Santhera Pharmaceuticals AG is beginning its Phase III program in the U.S. to evaluate SNT-MC17 in Friedreich's ataxia, an indication for which approval of the product already is being sought in Europe.
The Swiss company reached agreement with the FDA on a special protocol assessment for the study, a randomized, double-blind trial that will test two doses of the small-molecule agent against placebo in at least 51 patients ages 8 to 17.
Klaus Schollmeier, CEO of Liestal-based Santhera, said on a conference call Friday that the trial is expected to begin enrollment in a few weeks, following approvals from the two sites: the Children's Hospital of Philadelphia and the School of Medicine of the University of California at Los Angeles.
Schollmeier said the trial design is very similar to that used in a 48-patient Phase II trial that was run by the U.S. National Institutes of Health. That study also was designed to run for six months and measured neurological improvement based on the International Cooperative Ataxia Rating Scale (ICARS).
The Phase II trial, which included endpoints beyond ICARS, showed improvements in the intermediate and high doses of SNT-MC17 (idebenone).
The Phase III trial is named IONIA, or "Idebenone effects on neurological ICARS assessments." The primary endpoint related to neurological improvements will be measured by ICARS, a 100-point scale based on 19 wide-ranging neurological assessments.

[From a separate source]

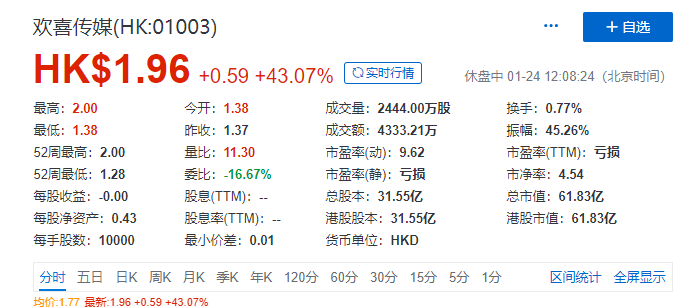 今日,《囧妈》出品方港股欢喜传媒直线拉升,截至午间收盘,股价暴涨43%。

Following 24 weeks of treatment, Santhera will conduct a one-year open-label study, to further evaluate safety and tolerability in those patients who participated in the trial.
Schollmeier said the trial is expected to be completed in 2009, with market launch potentially later that year. SNT-MC17 has been granted both fast-track and orphan status by the FDA.
Friedreich's ataxia is a rare genetic neuromuscular disorder that results in the degeneration of nerve and muscle tissue, causing loss of muscle control, muscle wasting and thickening of heart walls. The disorder results from a genetic defect in the gene encoding for frataxin, Santhera said.
SNT-MC17 is believed to improve the balance and flow of electrons within the mitochondria, thus increasing energy production within nerve and muscle cells of patients and protecting the cells from cell death. Santhera said previous studies provided evidence that SNT-MC17 may be effective in disease-associated heart-wall thickening (cardiomyopathy), as well as having positive effects on neurological function.
In mid-August, the European Medicines Agency accepted for filing the marketing authorization application submitted by Santhera and partner Takeda Pharmaceutical Co. Ltd. That filing included safety data generated by Takeda in its earlier preclinical and clinical programs of idebenone for the treatment of Alzheimer's disease.
Takeda, of Osaka, Japan, would market the product for treating Friedreich's ataxia in Europe and Switzerland. Santhera has rights in the U.S. - and also in Canada, where it plans to file for approval soon. Santhera said it intends to market the product itself in the U.S. and Canada. It also said approvals in Europe and Canada are expected in the second half of 2008.
SNT-MC17, Santhera's lead product candidate, also is being developed for treating Duchenne muscular dystrophy (DMD) and Leber's hereditary optic neuropathy. On Aug. 2, Santhera and Takeda extended their commercialization partnership for SNT-MC17 in the EU and Switzerland, which began in July 2005, to cover the second indication of DMD. Data from Phase II trials in DMD in Europe are expected to be available later this year.
Santhera is entitled to milestone and royalty payments from Santhera in both indications.
There is no product in the U.S. approved for treating Friedreich's ataxia, which afflicts about 20,000 patients in both North America and Europe, Santhera said.